At 9:34 PM 2/9/5, Steven Krivit wrote:

>It was my understanding that global warming was primarily because of solar
>radiation hitting the earth, reflecting back towards space, but intercepted
>by the greenhouse gasses which absorb the wavelengths of reflected
>radiation and converts it into thermal energy, thereby creating a
>transparent blanket.
>
>Not so much from the heat that is generated initially from terrestrial
>sources.  Yes?

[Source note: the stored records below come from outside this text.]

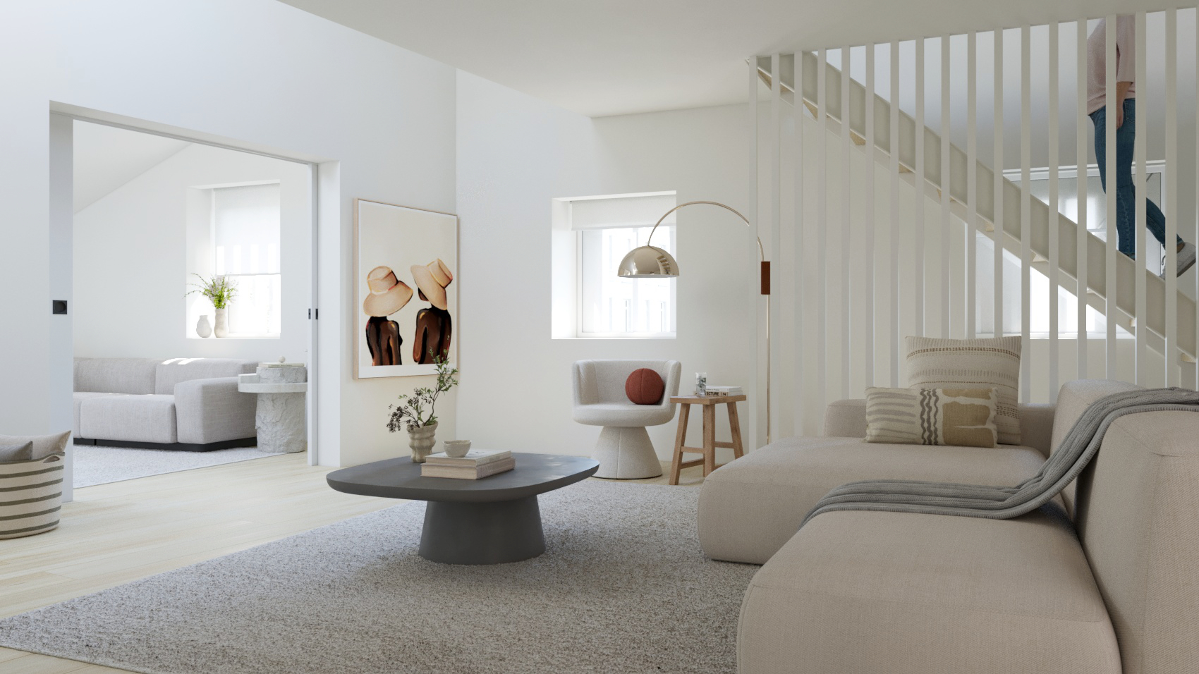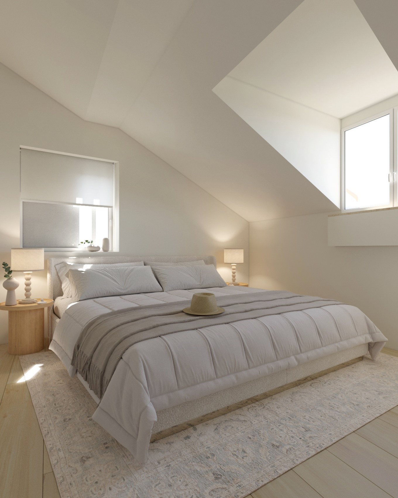 A estratégia de comunicação visual deste projeto centra-se na valorização da reabilitação e da transformação espacial, destacando o aproveitamento do pé-direito elevado através da introdução da mezzanine.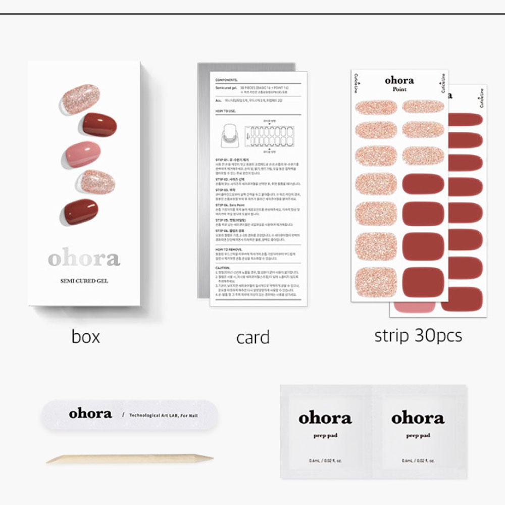 Gli adesivi Ohora sono composti da una morbida pellicola adesiva, realizzati in gel pre-polimerizzato al 60%, facilmente e perfettamente modellabile per adattarsi sulle unghie delle mani. Il loro design unico, leggermente curvato a forma di C permette una facile adesione al letto ungueale. Risultato: effetto unghie naturali.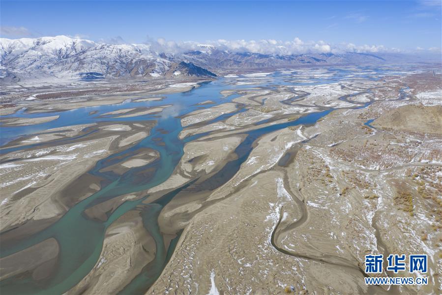 這是3月24日拍攝的雅魯藏布江雪景(無人機照片)。新華社記者普布扎西攝

No?


This was my point in my prior post in this thread.  Elimination of all of
mankind's energy consuption is about equal to a half of a tenth of a
percent decrease in energy trapped by the greenhouse effect.  Similarly, if
we reduced the solar input by a similar amount, roughly 0.04 percent, we
could double our energy use with no net effect - provided there were no
additional greenhouse gases generated.  It is the emission and retention of
greenhouse gasses that is the problem, not the waste heat from energy
generation/utilization.  Annual world energy use is about 1/2000 the energy
the energy the sun sends us each year.

Here are the substantiating calculations again  (hopefully without any
major errors, and with some errors corrected):

The world energy consumption is about 400 quads/year, i.e. 400x10^15 BTU/y
= 1.17x10^14 kWh/y, and is forecast to be about 470 quads in 2010.  The
world power consumption is thus roughly (1.17x10^14 kWh/y)/((365 d/y)*(24
h/d)) = 1.34x10^10 kW.

The sun puts out roughly a kW/m^2, the earth's radius is 6.38x10^6 m, so
the earth presents about 3.2x10^13 m^2  to the sun, thus obtains energy at
a rate of about 3.2x10^13 kW from the sun.  The total energy consumed by
humanity is equivalent to a reduction in solar insolation factor by about
0.04 percent.

However, since the energy provided by CF would for the most part *replace*
carbon based fuel consumption, it is mostly an offset, thus global warming
due to massive CF energy use would not occur.  If we keep our nuclear
plants and our rate of energy consumption then it is a full offset, meaning
no net change.  A large reduction in CO2 generation would occur, and
without change to the overall energy balance.  This should eliminate the
greehouse effect, provided methane release and high altitude water vapor
concentrations have not pushed us to the no return level.